Still no 'final restitution'
April 26, 2017Several Eastern European nations fell short on pledges to return Jewish-owned property seized before or during World War II, according to a study to be published on Thursday by the European Shoah Legacy Institute (ESLI).
The study, which offers a comprehensive view of post-war restitution legislation in dozens of countries, singled out Croatia, Lithuania, Macedonia and Slovenia for limiting Jewish claimants to citizens of those countries. However, other nations have done less for the restitution of Jewish property.
"Among Eastern European countries, Bosnia-Herzegovina and Poland stand alone as the only countries that have failed to establish a comprehensive private property restitution regime for property taken either during the Holocaust or Communist eras, or one that addresses both types of taking," the study said.
It noted that while both countries had established private property restitution legislation in the wake of World War II, the measures were "short-lived due to the nationalization principles of the Communist regime that took each country."
'Rectify'
In 2009, Poland and Bosnia comprised two of the 47 states that endorsed the Terezin Declaration, considered the most comprehensive restitution pact on immovable property.

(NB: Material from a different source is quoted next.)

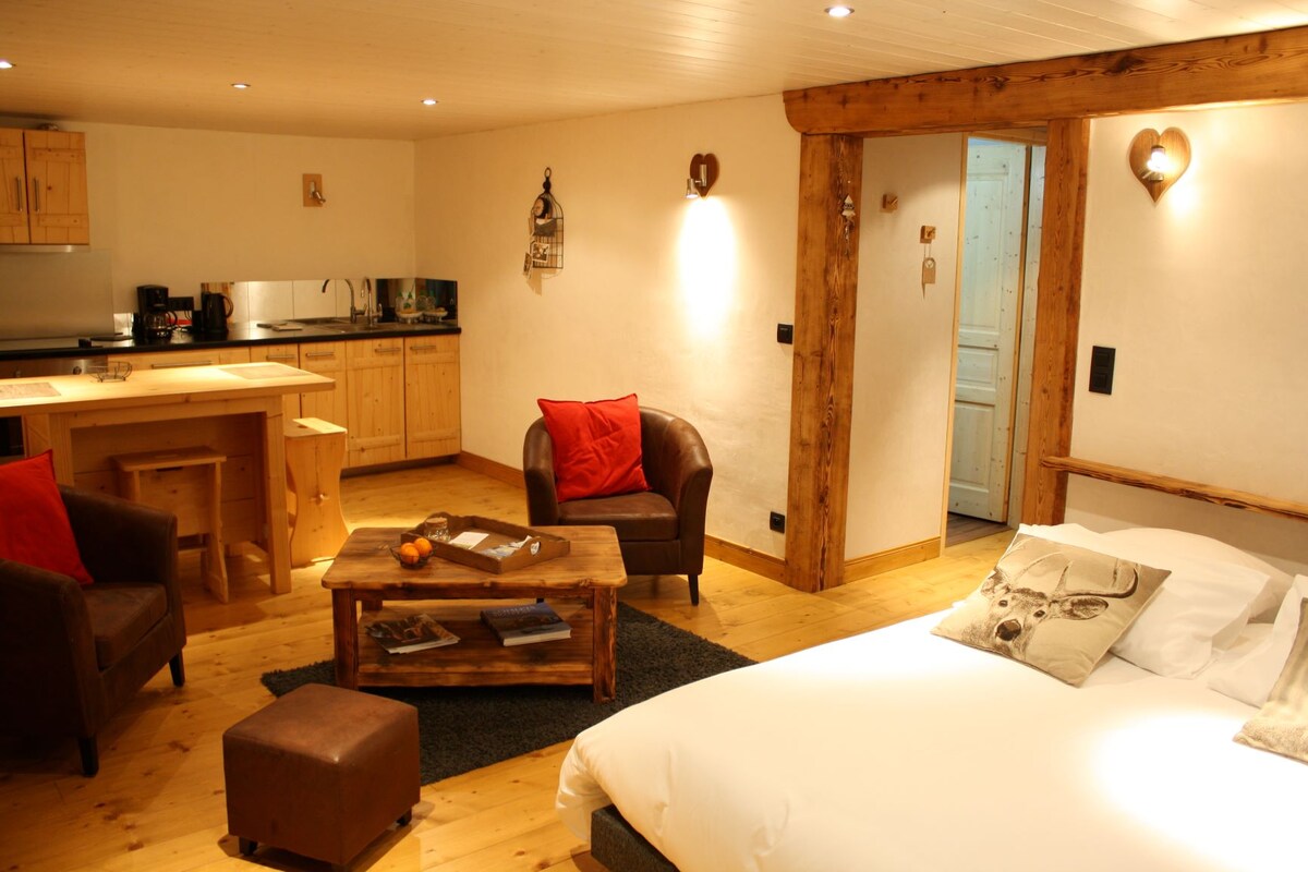 Додайте колоди до каміну з масивним кам 'яним очагом і відпочиньте на сільському дерев' яному дивані. Подивіться на вікна з картинками в альпійському лісі навколо автентичного шале. Повернутися зі схилів і розслабитися в розкішній сауні в шикарній ванній кімнаті. Спальня площею 25 м2 з двоспальним ліжком, сховищем, автентичним гардеробом. Тепла та простора вітальня з двома вікнами з видом на гору Блан та камін. І диван-кровать, який можна розкладати на 2 односпальні ліжка. Зручна та повністю обладнана кухня. Гранітна ванна кімната з душем і сауною для 3 осіб. Тераса перед лісом і струмком ( з частим відвідуванням оленів - дивіться фотографії ), з фонтаном і захоплюючим видом на масив Масив Маунт Блан. Шале - це індивідуальне помешкання, повністю доступне та зарезервоване для гостей. Як і тераса та околиці ( невелика річка, приватний міст і вихід до лісу ). Доступний у разі виникнення будь-яких запитань. У селищі Купеу: справжнє шале в лісі над бухтами з винятковим видом на масив Монблан. На краю маленького торрент із оленями 5 хвилин на машині від Ле-Уша, 10 хвилин від Шамоні, 1 година від Женеви. Легкий доступ по дорозі до шале. 2 км від Ле-Уш і 10 км від Шамоні. Парковка безпосередньо за шале Повністю відремонтоване старе шале. З усім сучасним комфортом (у сауні на 3 персони) та найвищим декором. Унікальний вид на ланцюг Монблан. Шале знаходиться в селищі Купеау, в лісі над Ле-Ушем, з винятковим видом на Монблан. За 5 хвилин можна доїхати до Ле-Уш, за 10 хвилин - до Шамоні та за годину до Женеви.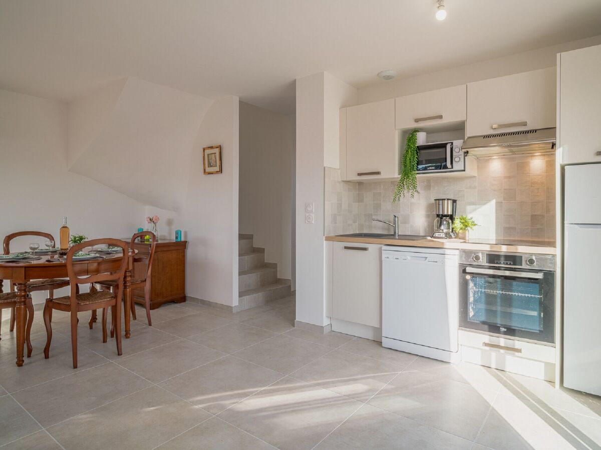 Cuisine ouverte (four, lave-vaisselle, 3 plaques à induction, grille-pain, bouilloire électrique, micro-ondes, cafetière électrique).

The Terezin Declaration urged participating member states to make every effort to "rectify the consequences of wrongful property seizes, such as confiscations, forced sales and sales under duress of property," which formed part of the wholesale persecution of Jews during World War II.
Jewish assets seized during the Holocaust amounted to at least $138 billion (127 billion euros) when adjusted for 2017 prices, of which less than 20 percent has been restituted, according to academic studies.
Nazi Germany, led by dictator Adolf Hitler, was responsible for perpetrating the Holocaust, which left up to 11 million Jews, Poles, Slavs, Romani and members of other ethnic and social groups dead.
Poland's restitution limbo
Once considered the home of Jewish life, Poland had a thriving community of 3.3 million Jews before the Nazi regime murdered 90 percent of the prewar population during the Holocaust.
Despite post-war efforts to provide dispossessed Jews with their property across Europe, Poland encountered communism in the immediate aftermath of the war.
"The outcome was that whatever property had been restituted was subject to a second round of confiscations, this time by communist authorities," the study said.
However, since democratization in 1989, Jewish rights organizations have noted that Poland failed to redress property seized during the Holocaust and later nationalized under communism.
"Poland is the only member of the European Union (and a former Eastern European member of the communist bloc) not to have passed comprehensive private property restitution legislation in the post-communist era," the study said.
'They keep selling them'
In Poland, property restitution has been a cumbersome path for Jewish claimants, partly due to the 1997 legislation that affects how property was nationalized during the communist era.
For example, in order for a claimant to be successful, they must prove that the nationalized property was done so in a way that contradicted the terms of the communist-era legislation.
Jehuda Evron, a Holocaust survivor who has joined more than 3,000 Jewish claimants in demanding restitution from Poland's government, said Polish authorities have done little to nothing to assist them.
"Instead of returning these buildings, they keep selling them to Polish and foreign investors. Most of the cases are in Polish courts for more than years and, even if you win your case in court, it takes years to get the building back," Evron told "The Krakow Post" in 2016.
Europe's promise
Gideon Taylor, chair of operations at the World Jewish Restitution Organization, said victims of the Holocaust needed to count on the support "of the European Parliament" and EU members to urge countries to "fulfill their responsibilities to ageing Holocaust survivors and their families."
"Too many survivors are living in poverty, without adequate welfare support, while some states and individuals continue to benefit from properties wrongfully seized from Jewish people during the Holocaust," Taylor added.
Despite efforts taken by European nations since the end of World War II to return property to its rightful heirs or organizations that benefit Holocaust survivors, "a substantial amount of immovable property confiscated from European Jews remains unrestituted."
"While there have been significant steps forward in a number of endorsing countries, in the post-communist countries of Eastern Europe there remains much to do regarding return of private and communal property," the study said in its concluding remarks.
But Gunnar Hökmark, a Swedish lawmaker in the European Parliament who co-hosted Wednesday's "Unfinished Justice: Restitution and Remembrance" conference in Strasbourg, called on EU nations to do more for Jewish claimants, especially in Eastern Europe.
"Restitution of property is about more than the property. It is the restitution of justice, of fairness and of human decency," he said. "It is about the final restitution of the Europe that was lost because of a crime against humanity, Europe that now must be regained."